After reading the first chapter together, Boy changed his mind about the book being boring. He completed the pop quiz that resulted in an analysis of:
“You have an okay idea of how to handle yourself, but you don’t always make the best decisions about what to say or do. Don’t worry – that’s where this book comes in! Read on to learn how to get through all kinds of sticky situations.”

How Aspergers does that analysis sound?! As I type, Boy is at the kitchen table drawing a picture of how to get me to stop treating him like a little kid. What an artful way of learning.

To learn more about the art of storytelling, have a look at
this article I wrote. Here is another one on being self-assertive. Both are useful ideas to teach to children and to use as home school lessons.

Finally, and just because I cannot fit them into anything else, here are some quilt squares I made for our
Wedding quilt. I had terrific fun telling Boy my story behind the quilt square symbols and listening to him embellish the stories beyond belief.


Elisheva Hannah Levin said...

Hi, Megan,

Sounds like you are incredibly busy! I am glad you and boy are healthy again.

I think it is so important to share stories of our origins with our kids.

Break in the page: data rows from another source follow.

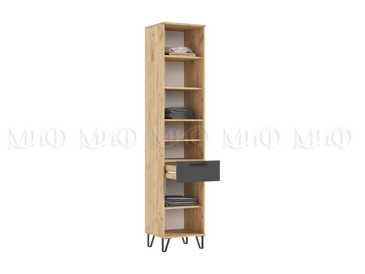Пенал открытый в прихожую Флэш Браш Графит, Дуб Крафт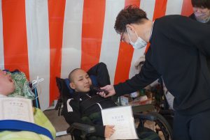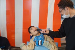 スタッフの声かけに恥ずかしもあるのか、照れた笑顔を浮かべる方もいました( ^)o(^ )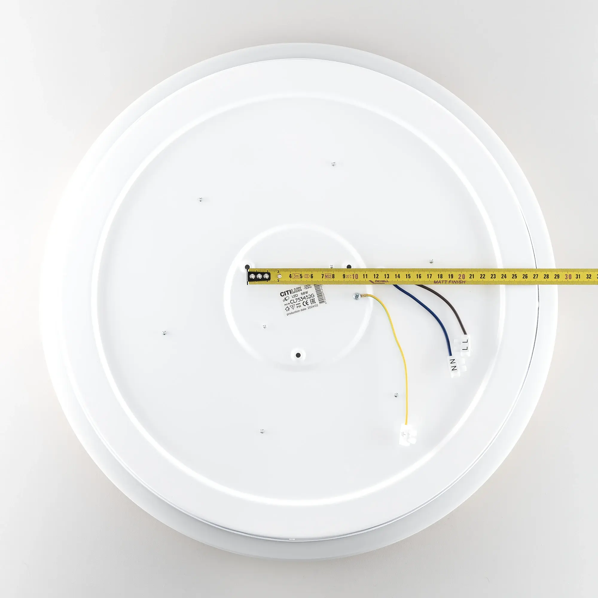 Мощность изделия 68Вт, световой поток 5800Лм. С помощью пульта дистанционного управления пользователь может плавно регулировать яркость 10% - 100%, менять цветовую температуру в диапазоне 3000K - 5500K, что позволяет настроить любые оттенки теплого, нейтрального или холодного света. Цветная многорежимная RGB подсветка может наполнить пространство яркими и насыщенными цветами. Функция таймера и 4 настраиваемых режима памяти позволяют управлять светильником максимально комфортно.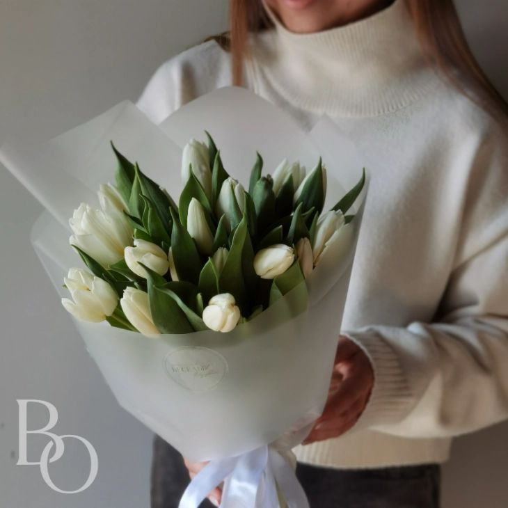 Букет из 21 белого тюльпана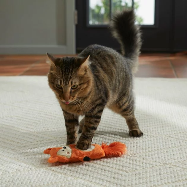 Ah, the smell of pine, the stars, and nothing but you, your kitty and the great outdoors. Oh, and this fox kicker toy filled with catnip. Whether you’re prowling around the campsite or glamping on the couch, this tent-side must-have is ready to bust boredom wherever the playtime fun takes you. Perfectly shaped for kicking, it’s the playtime critter your kitty has been waiting for!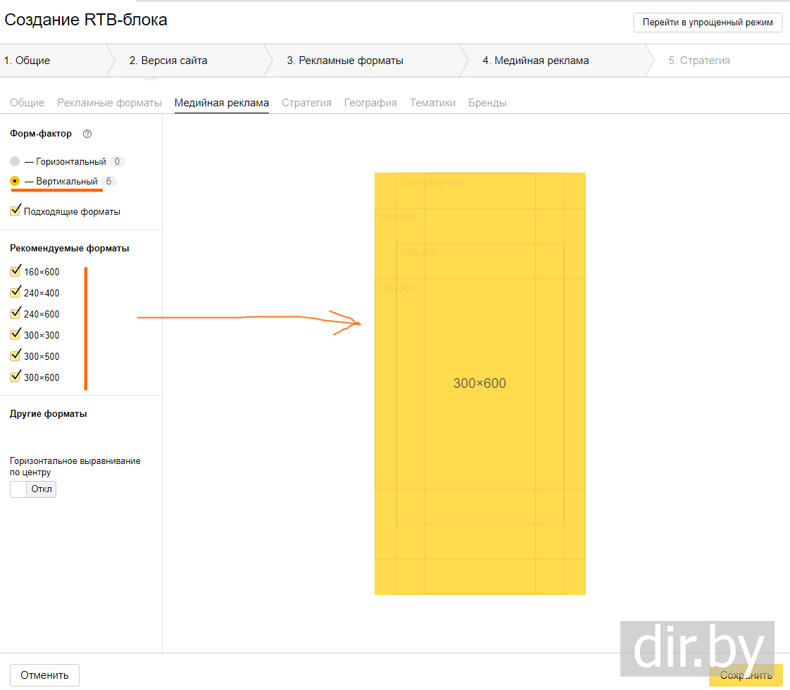 Выбираем ориентацию для рекламного блока

I grew up in the American midwest, but both of my kids are "Native New Mexicans." Sometimes I forget that my experiences growing up in a rural farming area are very different from their experiences growing up in a small city in the southwest. Once, when my daughter was little, we flew into O'Hare Airport in Chicago and took Amtrak downstate to my hometown. My daughter spent a long time looking out the window and then finally said in a puzzled voice: "And exactly how do they water all of this corn?" I had to laugh and tell her, "G-d does it." Then I explained about the 40 - 50 inches of rain a year that falls in central Illinois. (In Albuquerque we get less than 10 inches, here in the mountains twice that).

Megan Bayliss said...

Hi E
yes, I'm so busy I can't even find time to eat chocolate!!!!
Just know that I haven't abandoned my visits to you. There's only three more weeks until end of semester (marking assignments) and then I'll be back to my prefered routine.

Kaber said...

AWESOME! You are just awesome!

(It's kinda fun to trick them into wanting to do the school we had planned...LOL)

Megan Bayliss said...

I agree K (about the tricking - not sure if I fit the awesome mould). I'm getting good at manipulating the learning and the teachable moments. I put a lot of wffort in making the learning not look like learning. Wears me out!!!
Take care and I'll be back visiting you again soon.